# PROBLEM
Taking the entries below, transcribe only the lines starting with the one with "Les murs sont" and going on through the one with "左右で異なるチェック柄を配し", exactly as written, without the pictures.

# EXTRACTED DATA
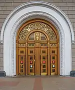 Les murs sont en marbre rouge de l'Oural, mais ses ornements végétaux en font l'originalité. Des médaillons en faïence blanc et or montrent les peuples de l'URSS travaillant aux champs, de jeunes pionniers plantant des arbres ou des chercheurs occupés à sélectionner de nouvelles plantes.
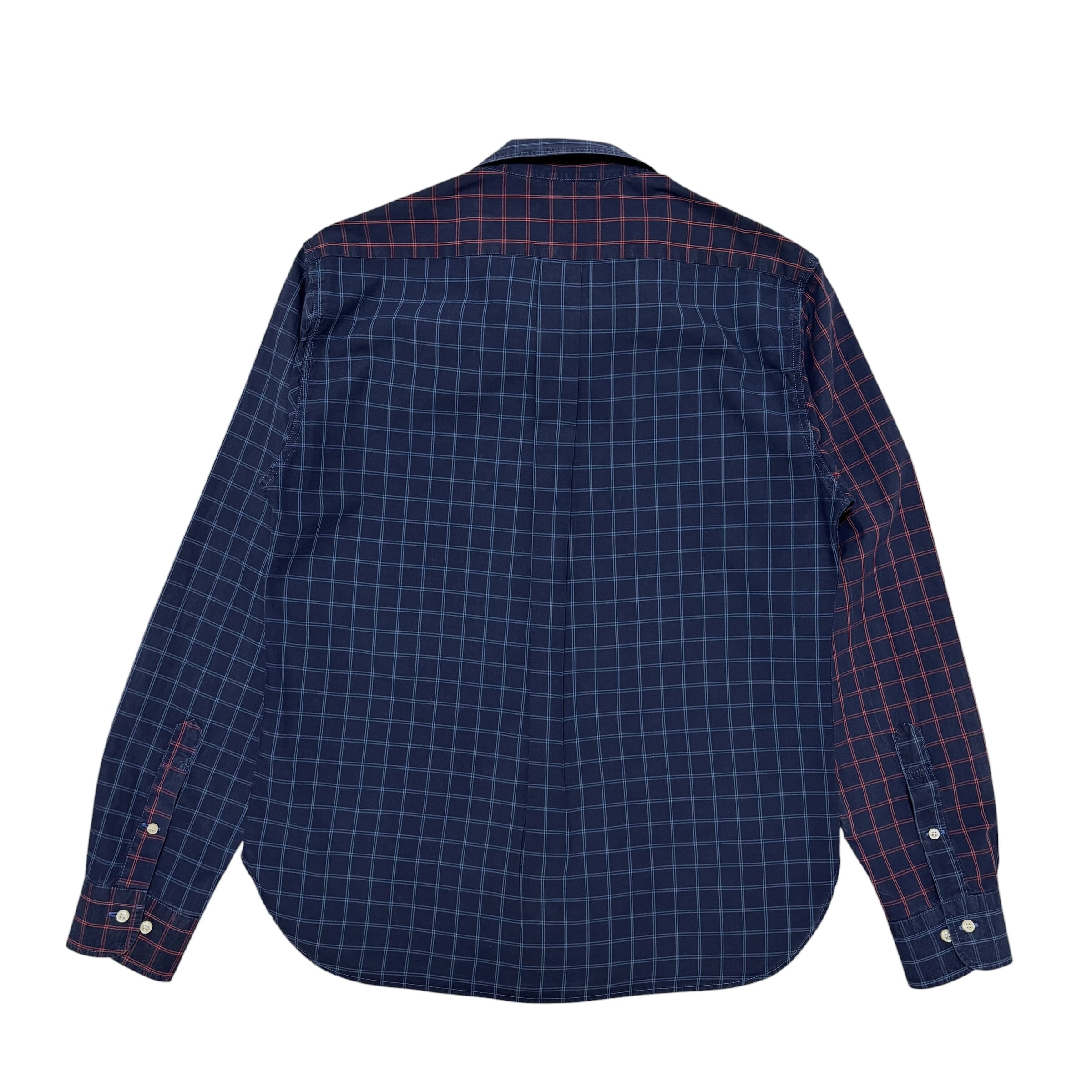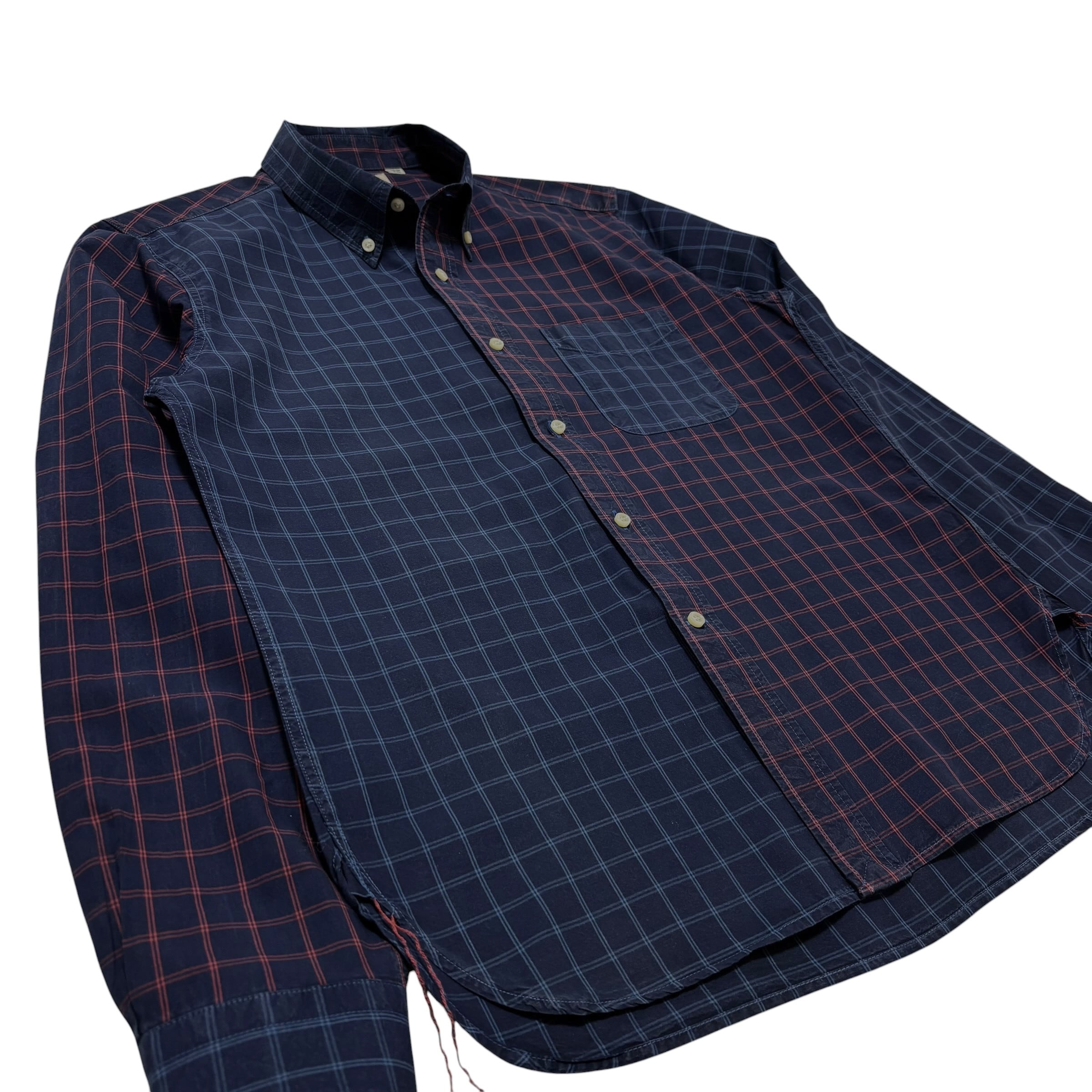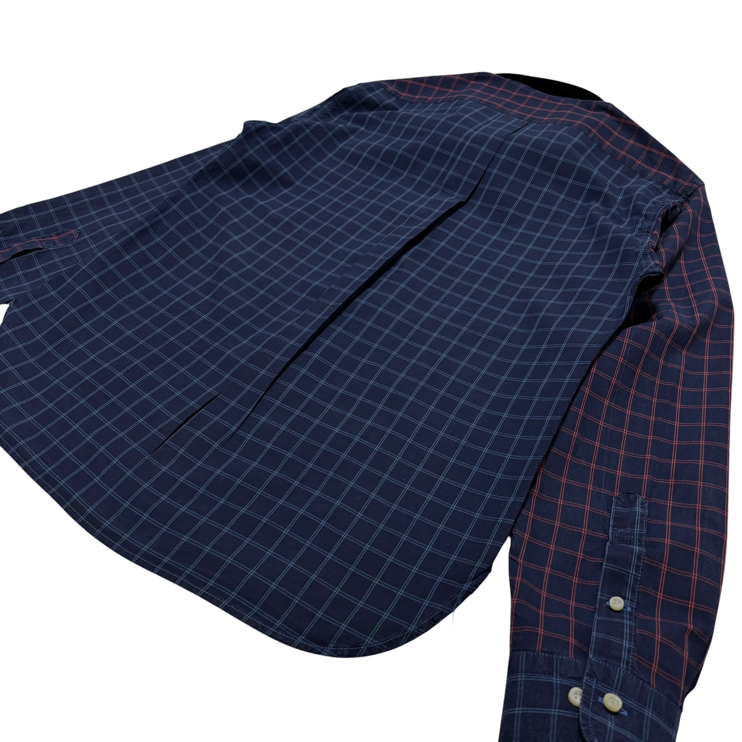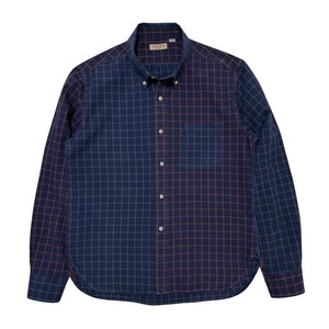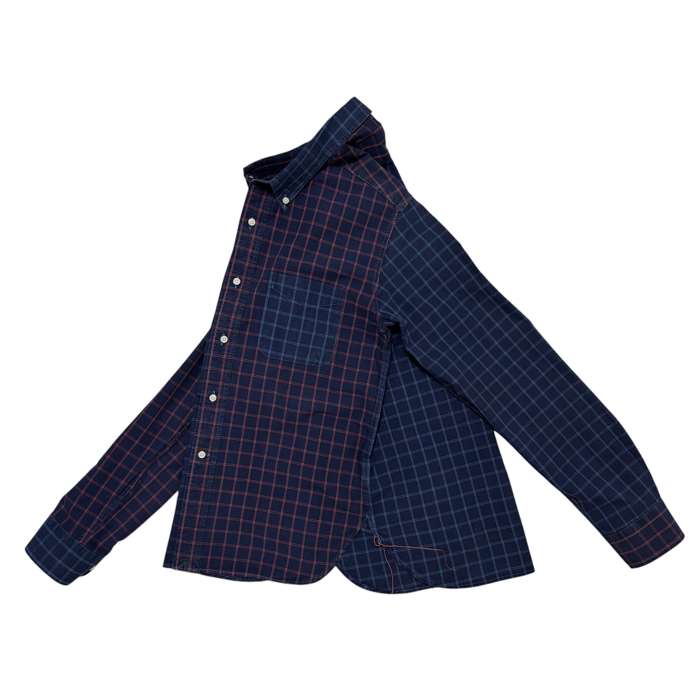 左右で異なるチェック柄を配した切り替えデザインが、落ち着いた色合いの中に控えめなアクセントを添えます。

* * *

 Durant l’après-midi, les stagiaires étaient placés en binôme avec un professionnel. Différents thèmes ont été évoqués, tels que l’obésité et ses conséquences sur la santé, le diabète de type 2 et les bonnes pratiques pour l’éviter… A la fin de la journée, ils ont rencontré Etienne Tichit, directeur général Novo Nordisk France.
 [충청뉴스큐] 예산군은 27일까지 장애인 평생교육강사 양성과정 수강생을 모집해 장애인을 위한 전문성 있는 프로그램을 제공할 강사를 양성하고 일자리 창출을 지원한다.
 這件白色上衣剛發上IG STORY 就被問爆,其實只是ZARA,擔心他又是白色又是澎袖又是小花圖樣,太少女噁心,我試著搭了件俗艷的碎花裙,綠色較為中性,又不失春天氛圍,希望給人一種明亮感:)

# ANSWER BOX
 Les murs sont en marbre rouge de l'Oural, mais ses ornements végétaux en font l'originalité. Des médaillons en faïence blanc et or montrent les peuples de l'URSS travaillant aux champs, de jeunes pionniers plantant des arbres ou des chercheurs occupés à sélectionner de nouvelles plantes.
 左右で異なるチェック柄を配した切り替えデザインが、落ち着いた色合いの中に控えめなアクセントを添えます。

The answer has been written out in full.